Frame number	Movie number	Local frame number	Time since start (s)	Hardware counter (us)	nose x	nose y	nose likelihood	...	head_midpoint x	head_midpoint y	head_midpoint likelihood
0	0	0	0.0	90310284262	71.08261108398438	84.39350891113281	0.9999998807907104	...	71.38306427001953	98.51067352294922	0.9999996423721313
1	0	1	0.033333	90310352280	71.3542709350586	84.39350891113281	0.9999998807907104	...	71.38306427001953	98.51067352294922	1.0
2	0	2	0.066666	90310420240	71.6526107788086	84.39350891113281	0.9999998807907104	...	71.40615844726562	98.51067352294922	1.0
3	0	3	0.099999	90310484246	71.6526107788086	78.79830932617188	0.9999998807907104	...	71.38306427001953	94.52143859863281	1.0
4	0	4	0.133332	90310552256	71.3542709350586	77.9829330444336	0.9999995231628418	...	70.91700744628906	91.23883056640625	1.0
...	...	...	...	...	...	...	...	...	...	...	...
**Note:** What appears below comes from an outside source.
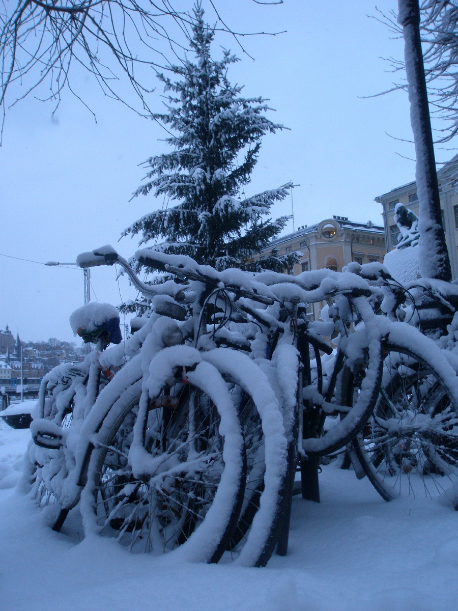В Стокгольме я был в седьмой раз, но впервые видел этот город в снегу. Меня по-прежнему интересовали велосипеды. Как они переживают зиму? Не улетают ли они на юг? Не залегают ли они в берлогу?

For every body part estimated by the model, there are three columns that are output: x, y, and likelihood. In addition, the following columns are included:

Frame number: The frame number in the input movie. If there are multiple input movies, this column will refer to the global frame number across the frames in all the input movies.
Movie number: The movie number that the frame is from, within the multiple input movies.
Local frame number: The frame number within the individual movie that the frame is from.
Time since start (s): Timestamp in seconds for every frame of the input movie, relative to the start of the movie.
Hardware counter (us): Only included for .isxb input movies. This column contains the hardware counter timestamps in microseconds for every frame of the input movie. These are the hardware counter values generated by the nVision system which can be compared to corresponding hardware counter values in .isxd, .gpio, and .imufiles from the same synchronized recording. These timestamps will be used downstream in the Map Annotations to ISXD Data tool in order map frames from annotations to isxd data, so the two datasets can be compared for analysis.

Multiple input movies

If there are multiple input movies, there will still only be one experiment annotations file, which concatenates the pose estimates across all input movies into a single result.

Labeled MP4 File (for visualization)¶

A .mp4 file containing the model predictions annotated on every frame of the input movie. The following figure shows an example of this output.

*Example frame of a labeled movie output.*

Multiple input movies

If there are multiple input movies, a labeled movie .mp4 file is created for each movie.

Next Steps¶

Here are some examples of subsequent analyses that can be executed using the outputs of this tool:

Average DeepLabCut Keypoints: Average the keypoint estimates in each frame of the tool output, and use this to represent the mouse center of mass (COM).
Compute Locomotion Metrics: Compute instantaneous speed and label states of rest and movement from averaged keypoints.
Compare Neural Activity Across States: Compute population activity during states of rest and movement from locomotion metrics.
Compare Neural Circuit Correlations Across States: Compute correlations of cell activity during states of rest and movement from locomotion metrics.
Combine and Compare Population Activity Data: Combine and compare population activity from multiple recordings and compare across states of rest and movement.
Combine and Compare Correlation Data: Combine and compare correlations data from multiple recordings and compare across states of rest and movement.